It has often been said that India’s best resource is the “jugaad” among our people. What is “jugaad”? It refers to some sort of improvised, jury-rigged solution to a problem demanding attention.
Tata Nano is often held out to the poster boy of the great Indian “jugaad” and the story of how Ratan Tata saw a family of four travel on a two-wheeler and conjured up the idea of creating the world’s cheapest car is often repeated. “Jugaad” is thus frugal engineering.
But is there more to “Jugaad”? Let us take another look at the meaning of the word – improvisation is at the heart of it. Just as how the sight of a family of four traveling on a scooter is common in our country, let us consider a few other equally common scenarios and understand “jugaad” at work in those:
Indian motorists are in perennial hurry. Amber, for them, is not the call to slow down and be cautious, but rather to accelerate hard and jet past the impending red. Needless to say, a few motorists get pulled up for such and for other offences. The first reaction of those pulled up would be to hand over a small note and avoid the stipulated penalty.
Millions of people migrate to other cities due to reasons of education and employment. And then they try to procure a domestic LPG connection in their own name. No sooner than they are faced with the unbelievable obstacles in the process that they discover that a few currency notes can make the process simpler, hassle-free, and swift.
In each of the above cases, the person was in a spot of trouble and discovered the simplest and quickest way out of it. In other words – they applied their “jugaad” to get out of the sticky situations.
An economist I personally respect – Swaminathan A. Aiyer – once wrote, “The creativity in unethical activity is, with rare exceptions, not fundamentally different from the creativity that yields frugal engineering.”

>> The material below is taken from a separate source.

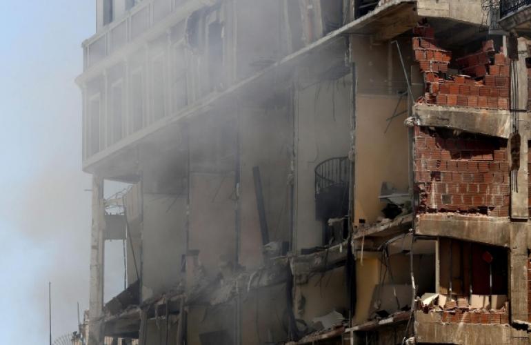 ووقع الانفجار نحو الساعة 11,00 (15,00 ت غ)، وأفاد شهود عيان أنّ الطبقات الأربع الأولى دمرت بالكامل، فيما تناثر الركام وقطع الزجاج على الأرض.

While we take to the streets under the leadership of Anna Hazare and while the media goes ballistic over the corruption in our country, let us remember that “jugaad” and corruption are closely related. Corruption is nothing but “jugaad” on overdrive; while one is celebrated globally, the other is vilified. Seen in this light, it is easy to realize why a Jan Lokpal Bill is no solution for our corruption woes.